The Coutu deal was finally approved earlier this month, and Metro believes the deal will contribute to the company generating $16 billion in revenue, while generating $75 million annually in cost savings after three years.
How is Metro doing?
In terms of results, Metro’s most recent quarterly update was a mix of announcements. Sales in the quarter amounted to $2,899 million — nearly flat with the same quarter last year. Same-store sales in the quarter came in at 1% higher over the same quarter, which included a shift in the Christmas week.
Adjusted net earnings for the quarter came in at $108.1 million, reflecting a decrease of 5.1% over the same quarter last year. On a per-share basis, earnings on a fully diluted basis came in at $0.47 per share, down 2.1% on an adjusted basis over the same quarter last year.
Opportunities for growth
In addition to the added benefit of the Jean Coutu acquisition, Metro has several compelling reasons for investors to contemplate an investment.
First, there’s the growing opportunity stemming from online e-commerce.
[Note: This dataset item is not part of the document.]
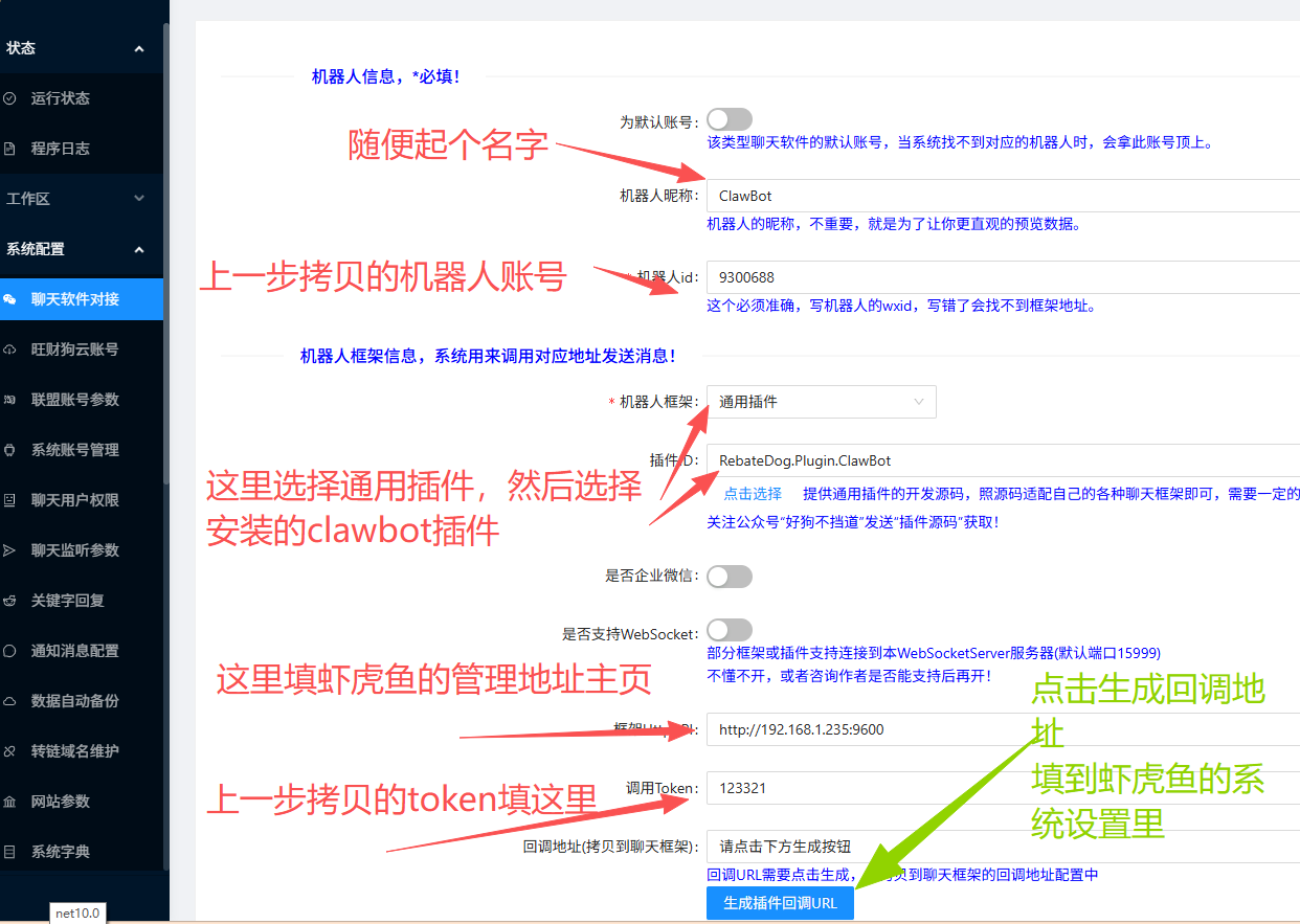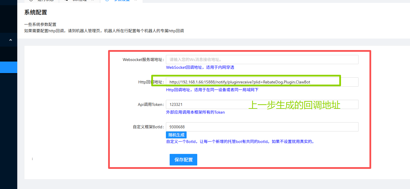 6.将生成的回调地址输入到机器人框架

Most segments of the retail sector have seen massive changes as a result of online commerce, as internet retailer behemoths have swooped in and undercut traditional retailers.
Metro and other grocers have largely escaped the onslaught, at least for the moment, as food purchases remain in the one sector of retail where the fragile and personal nature of grocery shopping does not outweigh the convenience of mobile shopping, at least not yet.
Internet and retail titans have already started grocery delivery and online purchasing, rendering the once untouchable and stable grocery market ripe for change.
Metro has already started to counter that threat through two separate initiatives. The first is through a third-party partnership that allows shoppers to purchase their groceries and have them delivered by hand to your home, and the second initiative relates to the growing meal prep and delivery service.
Meal-kit companies are a growing segment with plenty of promise, as they allow busy families and professionals a quick alternative to prepping a meal they would not otherwise have time to complete. Offering its Miss Fresh meal-kit service alongside grocery delivery provides Metro with the best of both worlds, leveraging Metro’s already massive network.
One final point worth considering is Metro’s dividend. The company provides investors with a respectable 1.74% yield, which, at the end of the current quarter, was over 10% higher than it was at the same time last year.